Wednesday, October 19, 2005

Green on Shirin Neshat

I'm sure everyone has already seen it, but I'm behind. Tyler Green is reposting his essay on Shirin Neshat's Tooba. I've only seen Neshat's work in stills, but the solemn beauty of the imagery is inescapable.

Part One
Part Two Green writes:

Neshat's utopia is the simplest of Sufi gardens. It is in virtually every shot of the film. The garden sits at the top of a hill, a single tree, about fifty feet high, surrounded by a brick wall. There are no flowering plants, just the tree in the garden’s center. Surrounding the garden is parched earth, ground that grips clumps of thirsty scrub, neither nourishing it nor letting it blow away. The sky is blue and the few clouds are white and puffy. The land will remain athirst. Only the squared garden provides shade, sanctuary, promise.

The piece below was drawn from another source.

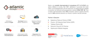 Atlantic Technologies è una società di consulenza ICT e cloud che supporta le aziende nella trasformazione digitale e nella crescita dal 1997. Offrono soluzioni personalizzate in CRM, ERP e BI, avvalendosi di un team internazionale di oltre 100 consulenti e collaborando con partner di prestigio come Salesforce e Oracle. Hanno assistito con successo oltre 500 aziende in vari mercati verticali grazie alla loro expertise in integrazione di sistemi e gestione della customer experience.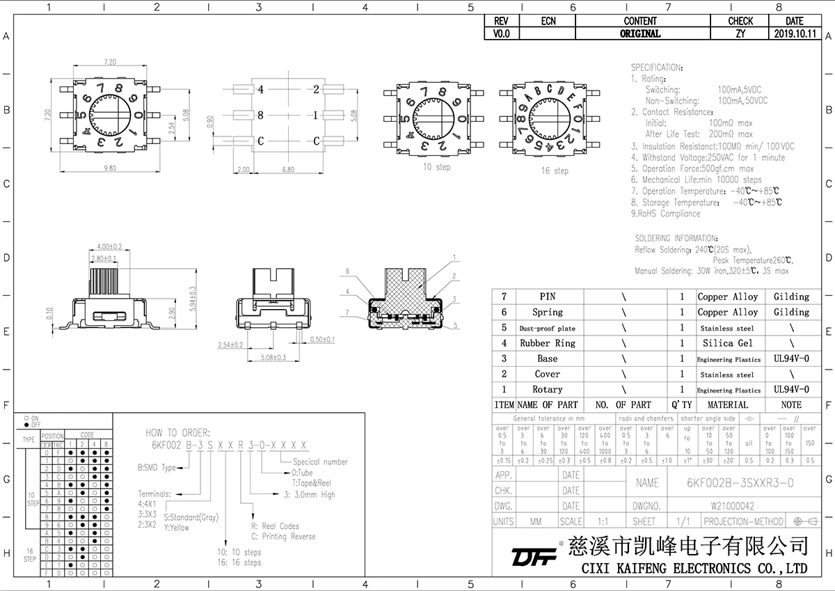 Rotary Switch Material:SPECIFICATIONRATINGSwitching25mA,24VDC Non-Switching100mA,50VDC Contact ResistanceInitial50mΩmaxAfter Life Test100mΩInsulation Resistance100MΩ min/250 VDCWithstand Voltage250VAC

The beautiful simplicity of the tableau is Neshat at her best, both in terms of the image she creates and the way she explores a concept. By making the garden the centerpiece of Tooba, Neshat refers to both Judeo-Christian and Sufi utopias.

Part Three to come...


At 2:05 AM, Blogger John Swanston said...

I had the privilege of being in Dunedin New Zealand in 2005 at the time that Tooba was on show there. My sister and I were overwhelmed, delighted, apprehensive at times. It is a must see.